VMware, the largest developer of virtualization software, has released updates to fix a number of vulnerabilities in Workstation and Fusion.Among other bugs, a 0-day issue was fixed, which was discovered by experts during the Pwn2Own Vancouver 2023 hacker competition and allowed a local attacker to execute arbitrary code.
The most serious issue of all was CVE-2023-20869 (9.3 on the CVSS scale), first demonstrated on Pwn2Own. It is described as a stack buffer overflow vulnerability found in the Bluetooth host device sharing feature with a virtual machine.
VMware also fixed an out-of-bounds read vulnerability affecting the same function (CVE-2023-20870, 7.1 CVSS score) that could be used by a local attacker with administrator rights to read sensitive information contained in the hypervisor’s memory .
Both vulnerabilities were demonstrated by researchers from the STAR Labs team on the third day of the Pwn2Own hacking competition held in Vancouver last month. These bugs earned the researchers an $80,000 reward.
Hack on Pwn2Own
If, for some reason, patching is not possible, VMware has shared a workaround for exploitation protection CVE-2023-20869: You can disable Bluetooth support on the virtual machine by unchecking “Share Bluetooth devices with the virtual machine” on the affected devices.
Let me remind you that we also reported that VMware closes RCE vulnerability in ESXi and Horizon, and the media also reported that VMware Developers Fixed Serious Vulnerability In vSphere Replication.

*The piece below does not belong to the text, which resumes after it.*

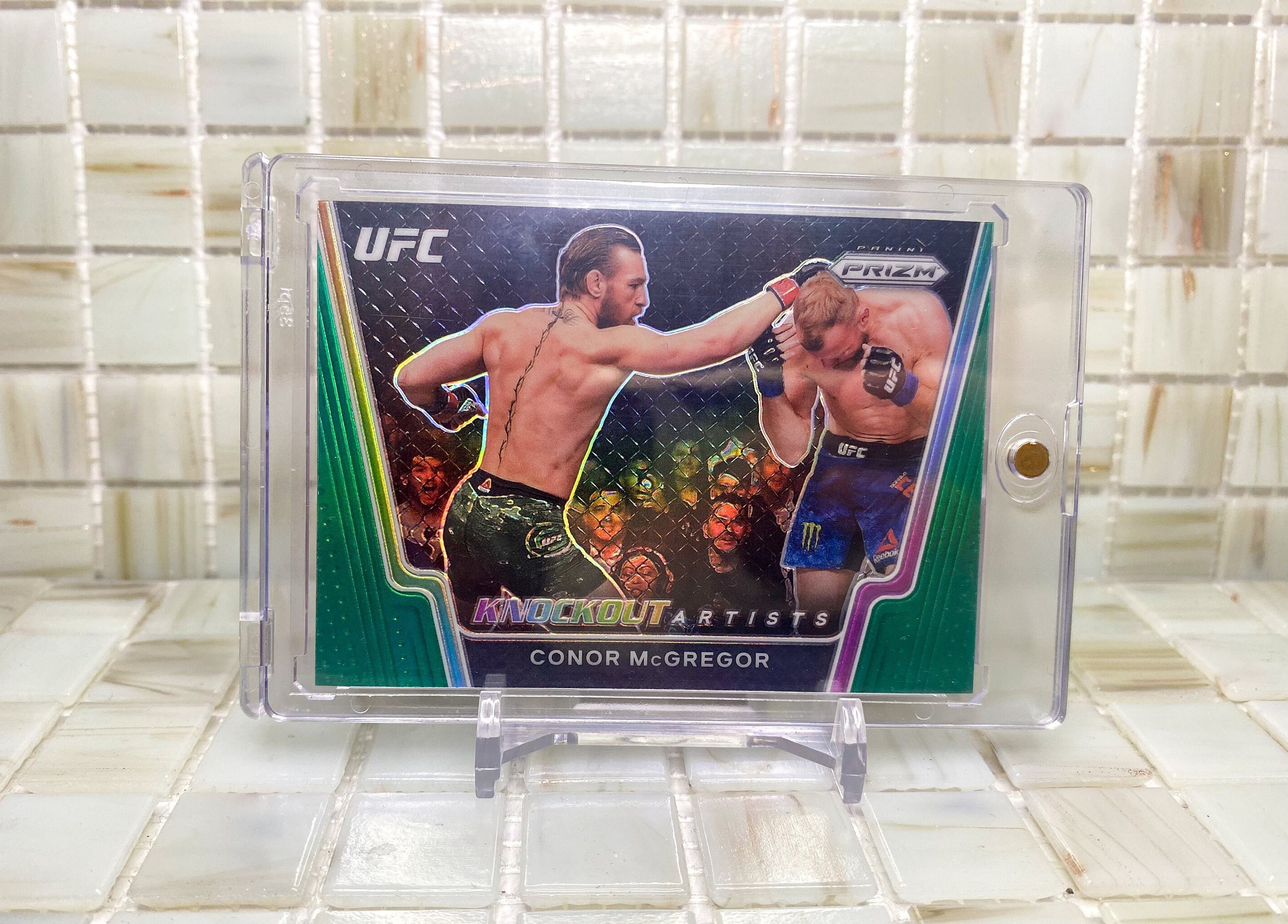 This Is a Genuine Conor McGregor 2021 UFC Knockout Artists Green Prizm Card That Will Enhance Any UFC Card Collection. This Is An Amazing Card For Any Conor McGregor Fans, UFC Fans, MMA Fans, The Ultimate Fighter Fans, and Any Fans of The Notorious Conor Mcgregor.

In addition to these vulnerabilities, the company fixed two other issues affecting VMware Workstation and Fusion hypervisors. The first of these, CVE-2023-20871, is a local privilege escalation vulnerability in VMware Fusion Raw Disk. It could be abused by attackers with read/write access to the host operating system to elevate privileges and gain root access to the OS.
Another bug (CVE-2023-20872) is described as an out-of-bounds read/write vulnerability in the SCSI CD/DVD emulator. This bug affected both Workstation and Fusion products. It could be used by local attackers with access to a VM with a physical CD/DVD drive connected and configured to use SCSI, and would allow arbitrary code to be executed in the hypervisor.